DATASET.
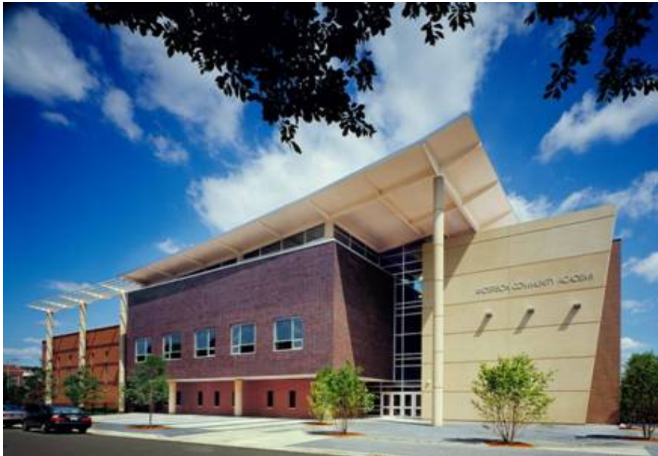
CHICAGO PUBLIC SCHOOL
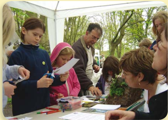
Families enjoying Springtime Safari 2008

The Springtime Safari is a partnership project of LBRuT Arts Service, Richmond Environment Network and the Richmond Biodiversity Group.
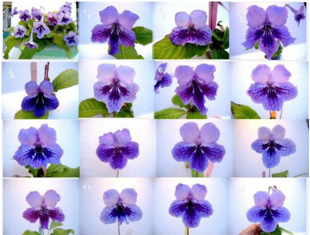
Streptocarpus seedlings resulting from the "selfing" of a hybrid streptocarpus.

The ONLY way a hybrid gesneriad plant can be propagated and still produce the exact same plant is by vegetative propagation. Putting down a leaf or rooting a crown cutting will result in a plant that has the exact same genetic material because you began with a piece of original plant tissue. Steven McCulloch did a presentation at The Gesneriad Society convention this July about growing gesneriads via tissue
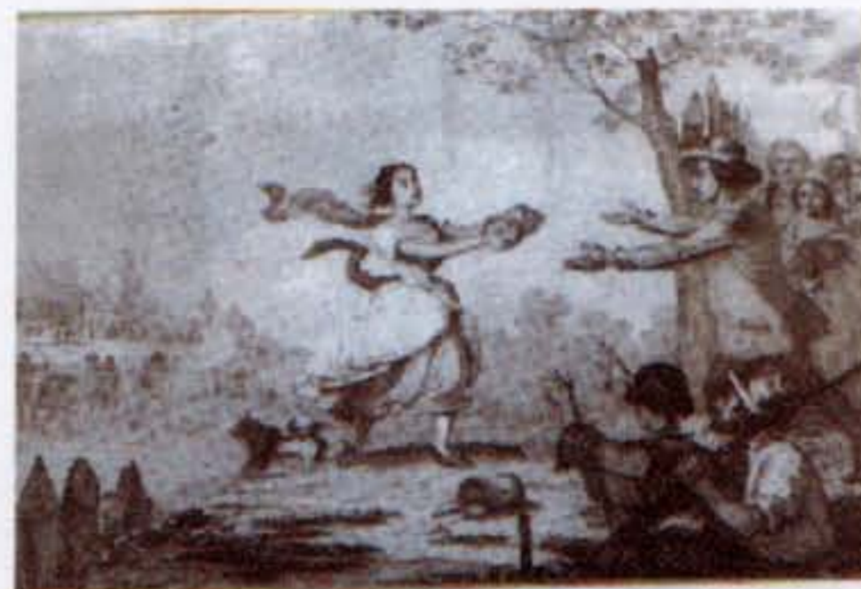
Lithograph from 1851 celebrating the "Gunpowder Run."
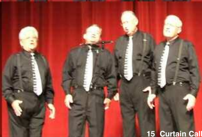
15 Curtain Call
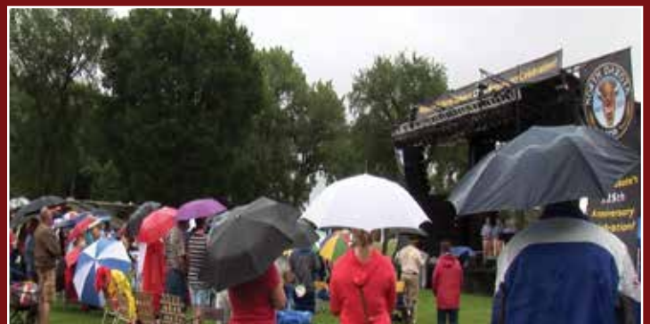
Hardy North Dakotans stayed through the rain for great entertainment on the outdoor stage.
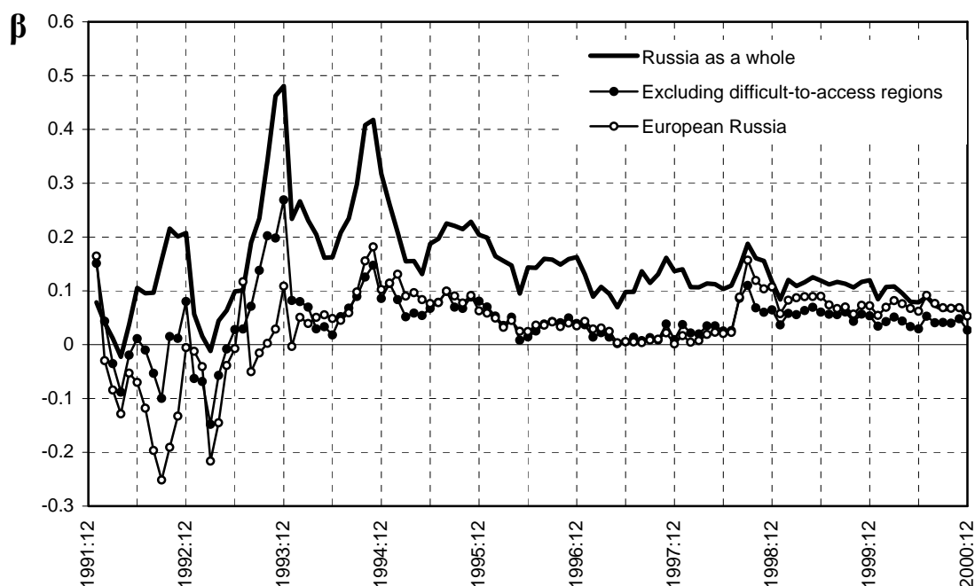
Figure 2. Evolving integration of market for beef

Figure 3 demonstrates the evolving pattern of integration in the market for sugar. It differs sufficiently from the patterns for the markets discussed above as well as for the aggregated market of 25 staples. First, there are no indications of substantial segmentation in the early years of transition that is peculiar to other markets. Second, beginning as early as the second half of 1993, the degree of integration of the sugar market remains more or less stable.
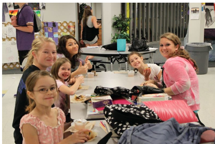
Jr. Mates links High School role models with Elementary & Middle School students
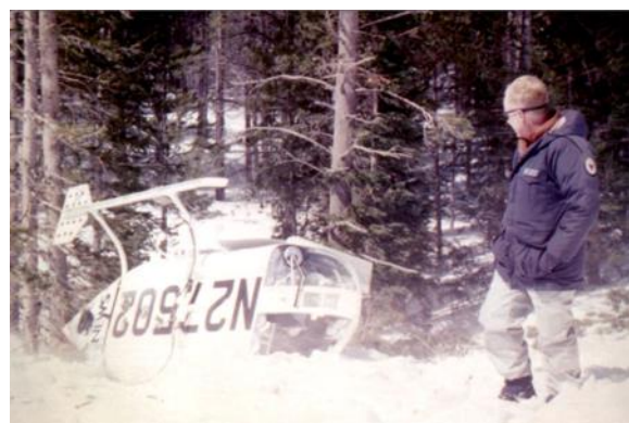
Former Mountain Rescue Association President J. Hunter Holloway stands beside the helicopter that crashed while he was aboard.

Less than an hour later, the Bell 206-B attempted to land in “an unauthorized L.Z.” As the helicopter was circling on final approach, it crashed into nearby trees. The helicopter suffered substantial damage as it landed on its side. Three of the four passengers were injured. The rescuer walked away from the scene. An Army Chinook helicopter, assisting in the search, landed near the crash site, and evacuated the four passengers.

WHAT YOU SHOULD DO. Although pictures appear among the records above, write out exactly only the lines from the one that has "The Springtime Safari" through the one that has "Streptocarpus seedlings resulting", and leave the pictures out.

WRITTEN SOLUTION.
The Springtime Safari is a partnership project of LBRuT Arts Service, Richmond Environment Network and the Richmond Biodiversity Group.
Streptocarpus seedlings resulting from the "selfing" of a hybrid streptocarpus.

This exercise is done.